После падения Наполеона она спокойно проживала себе в Париже, в качестве известной и привилегированной гадальщицы. В списке обращавшихся в ней за советом значатся имена значительнейших особ. В 1818 году она также ездила на Ахенский конгресс, где с ней беседовал император Александр Павлович. В числе других знаменитостей из её клиентуры называют г-ж Сталь, Тальен, Ревамье и Бенжамена Констана. Именитые иностранцы, приезжая в Париж, также посещали интересную женщину, не столько, быть может, ради того, чтобы услышать её предсказания, сколько ради знакомства с необыкновенной и удачной гадальщицей.

В двадцатых годах Ленорман напечатала «Mémoires historiques et secrets de l'impératriie Josephine», выдержавшие несколько изданий. Но в тридцатых годах гадальщица снова предана была забвению. Когда же в 1843 году она скончалась, нашлось много людей, которым кончина её напомнила о ней.

Еще в последние годы жизни пыталась она передать кому-нибудь свой дар, но ни одна из её учениц не достигла какого-либо значения. Некоторое время некая mademoiselle Лакомб пыталась продолжать дело своей наставницы, но она не имела успеха. Быть может, она не владела настоящим пророческим даром, или же сами парижане стали благоразумнее?

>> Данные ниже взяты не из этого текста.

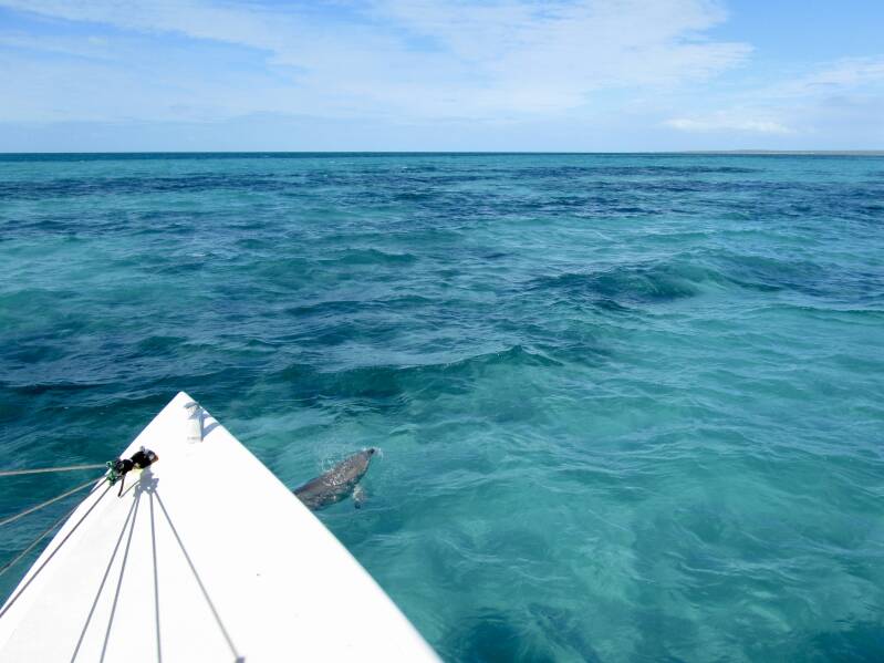 Shark Bay staat op de Unesco Werelderfgoedlijst en is enorm rijk aan zeeleven. Er leven dugongs, zeekoeien die er zich tegoed doen aan het zeegras. We zijn net iets te vroeg voor het zeekoe seizoen, dat in september, de lente begint. De zeekoeien trekken op hun beurt haaien aan en verder is dit een enorm goede plek om reuzemanta’s of reuzeroggen te spotten. Ook walvissen en zeeschildpadden zijn te zien in het gebied.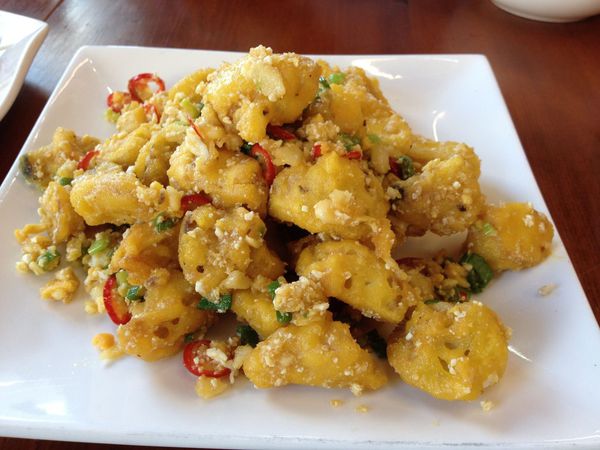 金沙杏鮑菇,以前還以為是一種菇類的名稱,後來才知是將鹹蛋黃與杏鮑菇炸至金黃色澤。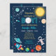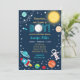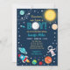 Este belo convite apresenta um astronauta, um foguete, um sol e um fundo estelar.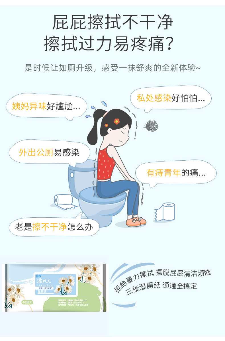 【化学“0”添加 分解更健康】40抽便捷携带如厕纸湿厕纸湿巾私处护理洁阴湿巾成人卫生湿巾纸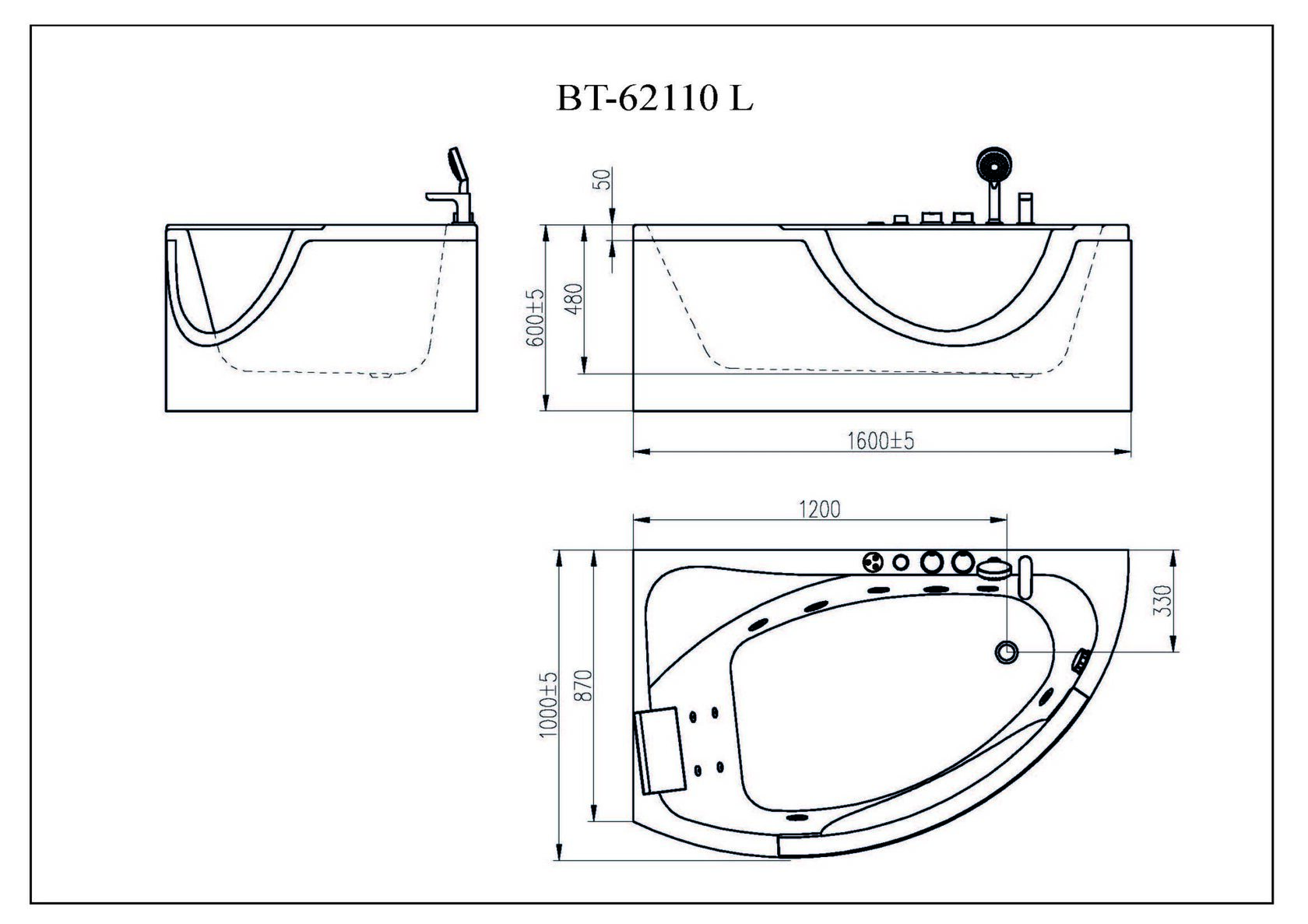 Купить ванну Orans BT-62110 L 160×100 с гидромассажемВ нашем интернет-магазине вы можете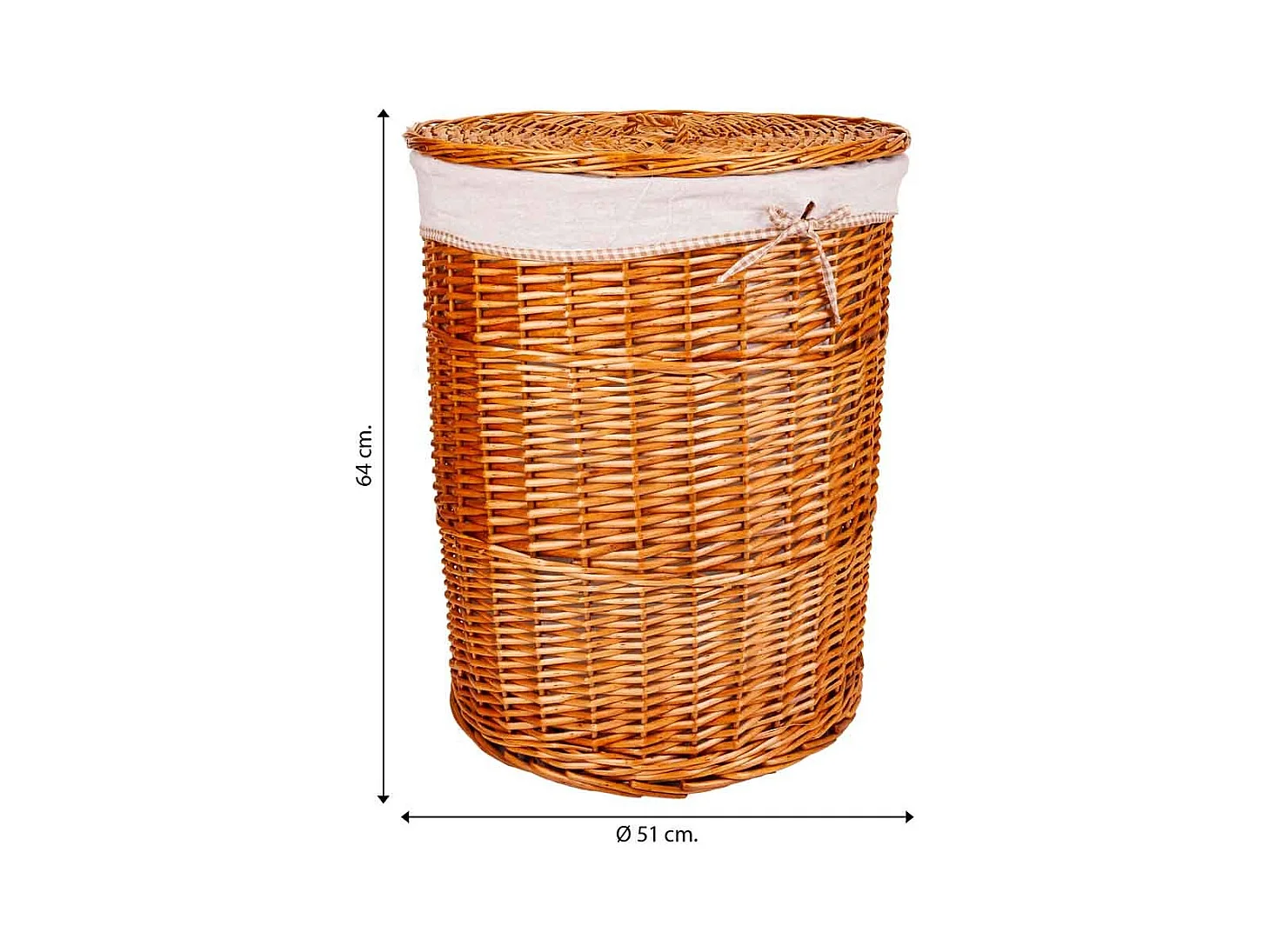 Set aus Wäschekorb und zwei braun gefütterten Weidenkörben
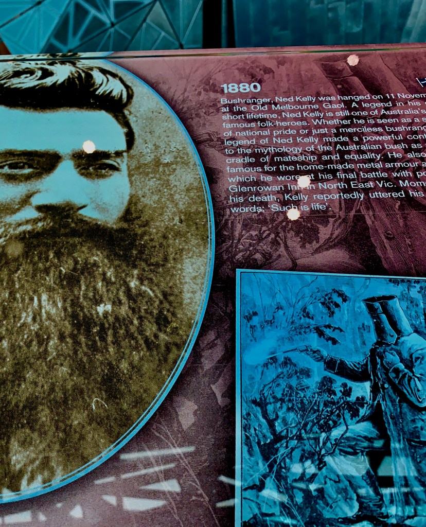 federation square is among melbourne’s favorite meeting places, drawing more than 10 million visitors a year (pre-covid) with its family-friendly events and fantastic, free museums, so i popped into the national gallery of victoria and spent a chunk of the afternoon catching up on local lore. two of my faves were the legendary bad-guy hero ned kelly, australia’s billy the kid, who was hanged at melbourne gaol (jail) in 1880; and the story of “waltzing matilda”, the unofficial national anthem. (would you recognize the official one?)
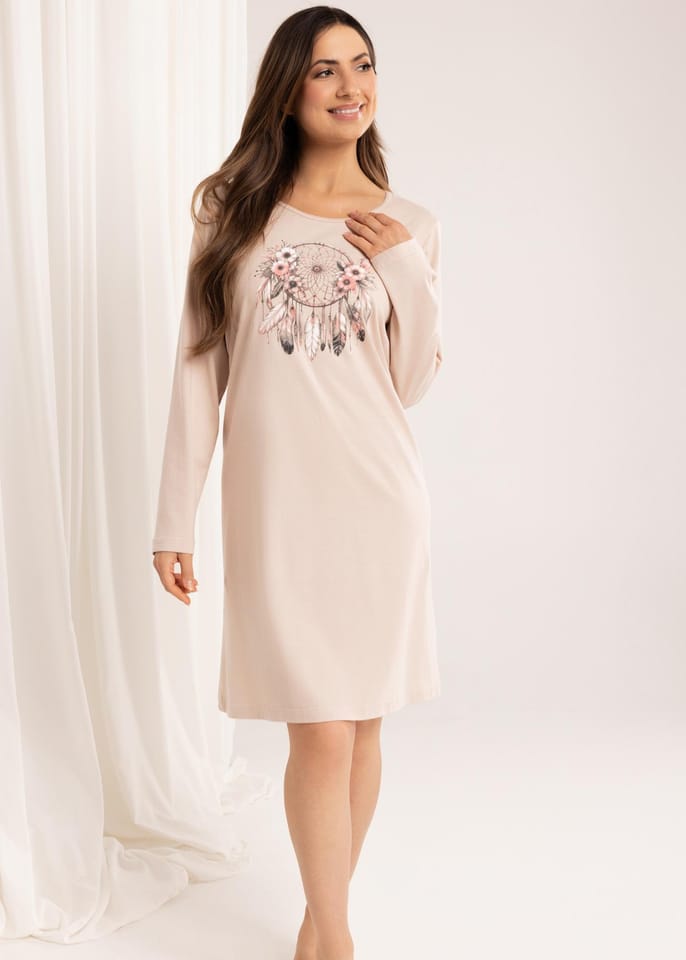Bawełniana koszula damska z długimi półokrągłym dekoltem, przód ozdobiony nadrukiem. Długość przed kolana. Skład: 100% bawełna.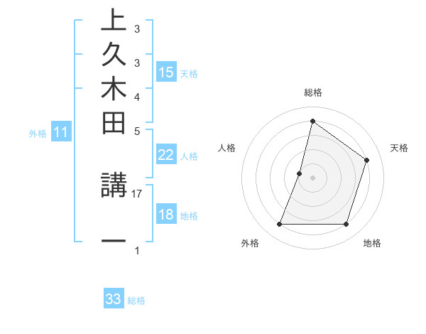 上久木田 講一さんを姓名の画数から五運を鑑定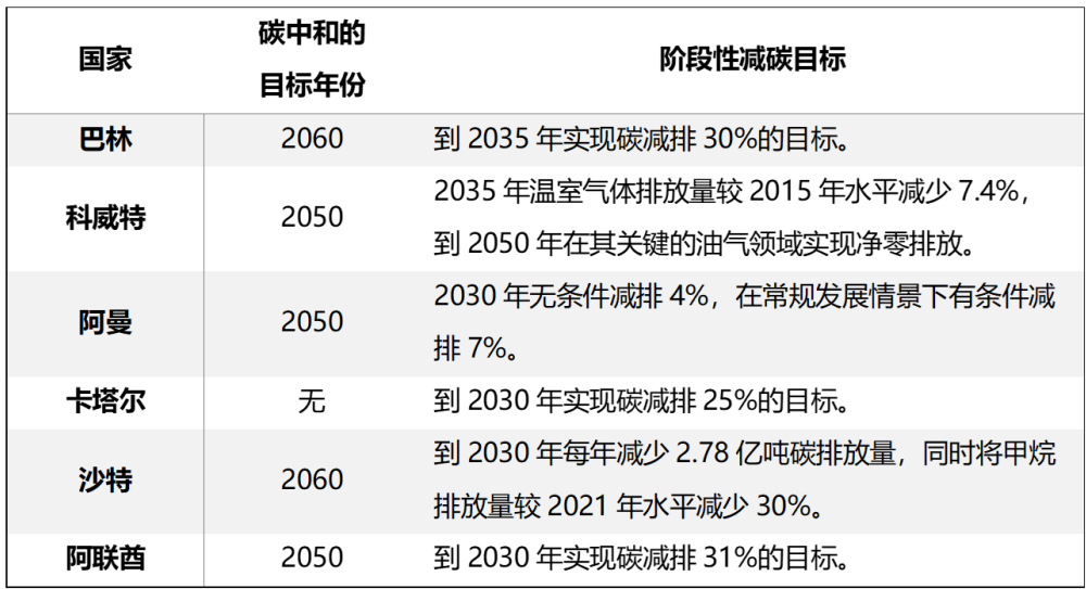 为应对上述挑战,海合会各国纷纷制定宏伟的国家发展愿景与战略规划,明确了绿色转型的方向与目标。沙特2016年提出“2030愿景”,核心是打破石油依赖、实现经济多元化;阿联酋推出“净零2050”战略,直指2050年碳中和目标。目前,除卡塔尔外,其余五国均明确2050或2060年碳中和承诺,且全部设定阶段性减排目标,深度融入全球气候治理进程(见表1)。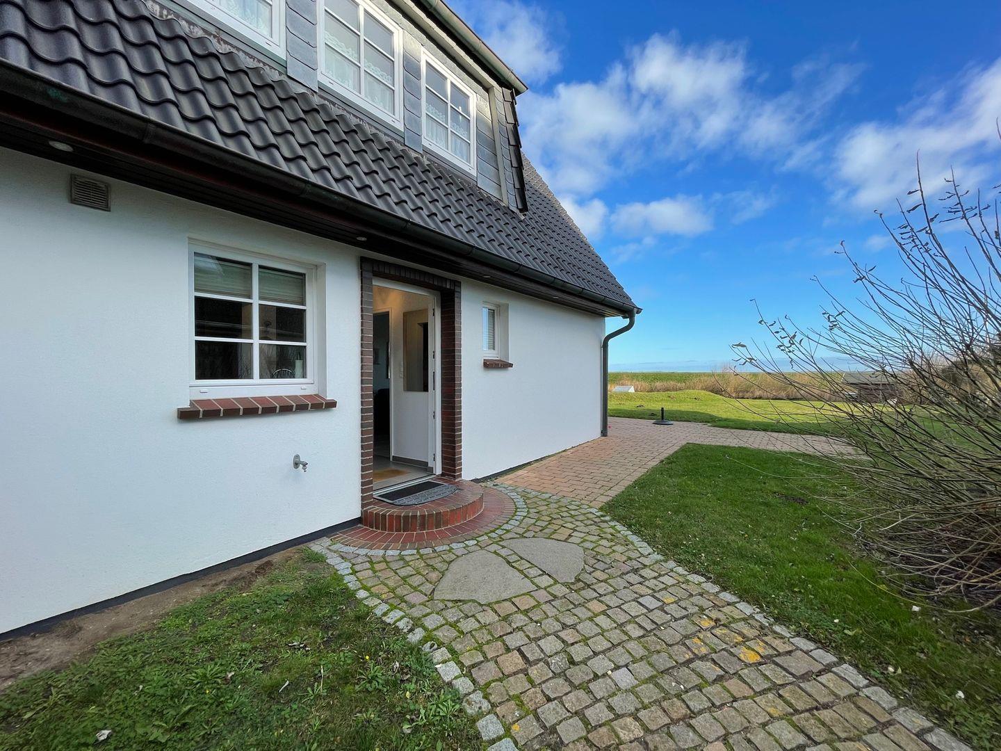Das Haus ist umgeben von einer 1400 qm Gartenwiese. Vom Wohnzimmer aus erreicht man die Terrasse mit Süd- Ost- und Westausrichtung und Wattenmeer Blick. Der Parkplatz befindet sich vor dem Haus. Eine Fahrradhütte steht Ihnen zur Verfügung. Für weitere Fragen, steht Ihnen sehr gerne die Vermietung "Appartements Eberhardt" zur Verfügung.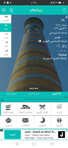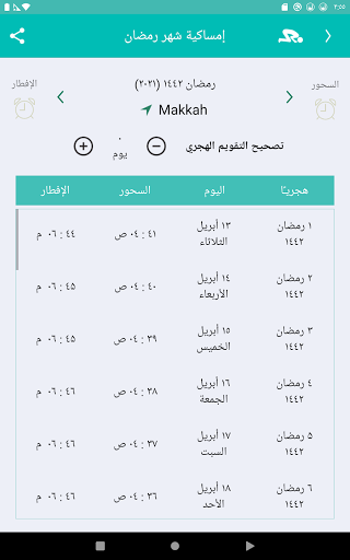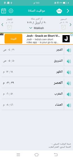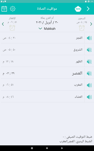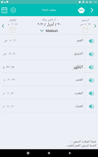 مواقيت الصلاة: محددة بحسب المكان الحالي للمستخدم أو إختيارات الضبط.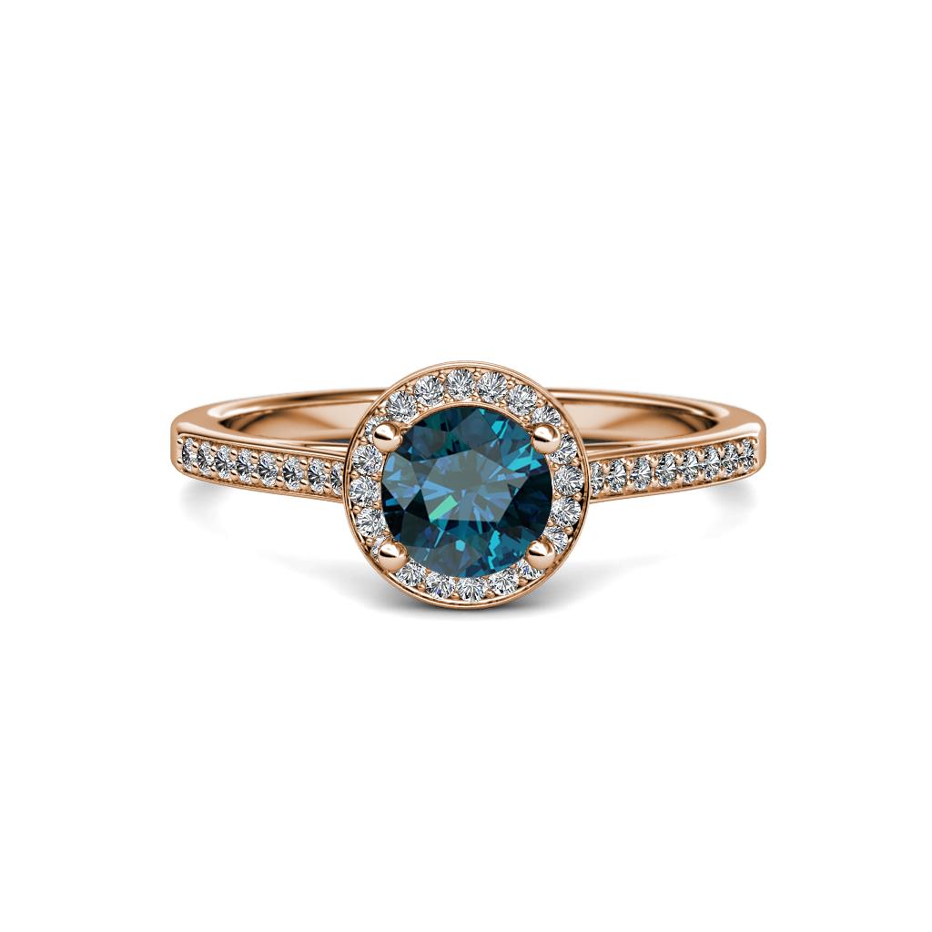 1 1/3 ctw Round Blue and White Diamond Womens Halo Engagement Ring 14K Rose Gold More Details ...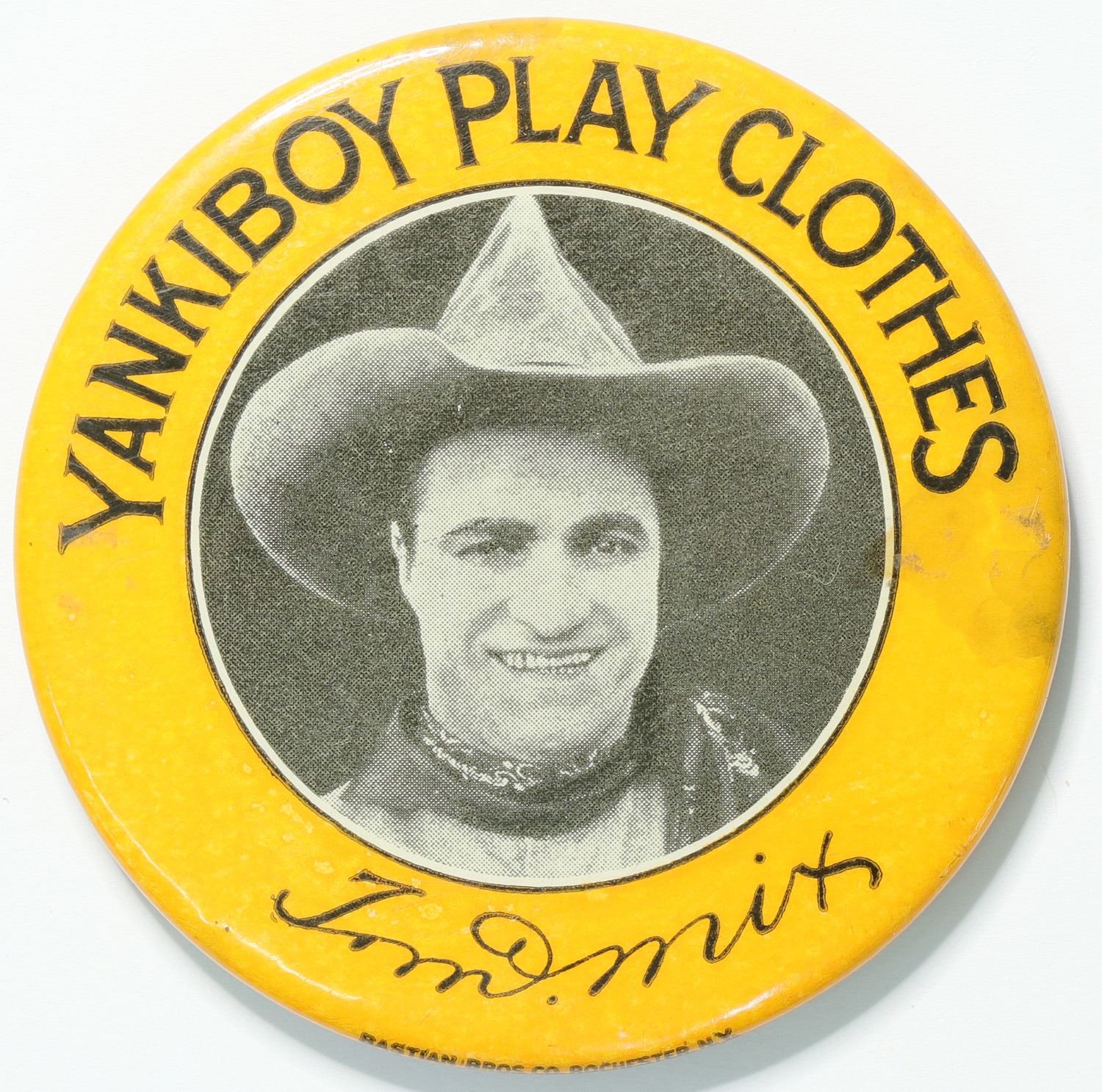 The famous film cowboy advertising "Yankiboy Play Clothes" on this 53 mm photo mirror. The star of many early Western movies between 1909 and 1935, Mix appeared in 291 films, all but nine of which were silent movies. He was Hollywood's first Western star and helped define the genre as it emerged in the early days of the cinema.

Своим гаданием Ленорман составила значительное состояние. её племянник, служивший капралом в Алжире, после её смерти вдруг стал богатым человеком. Он поспешил в Париж, и в наследство после Ленорман получил полмиллиона франков, затем всевозможные игральные карты, гадальные книги, массу писем от исторически знаменитых лиц и драгоценные украшения, присланные ей, в виде гонорара, от различных высокопоставленных особ, которым она гадала.

Все ожидали появления её мемуаров, но эти ожидания не оправдались. Говорят, будто бы, крайне невежественный её племянник вскоре продал все оставшиеся после неё рукописи, а покупатель, по всей вероятности, имеет основание тщательно скрывать содержание этих рукописей.

Любопытно, что и все нынешние парижские пророчицы претендуют, опираясь на различные «документы», быть непосредственными представительницами и продолжательницами фирмы Пифии первой империи.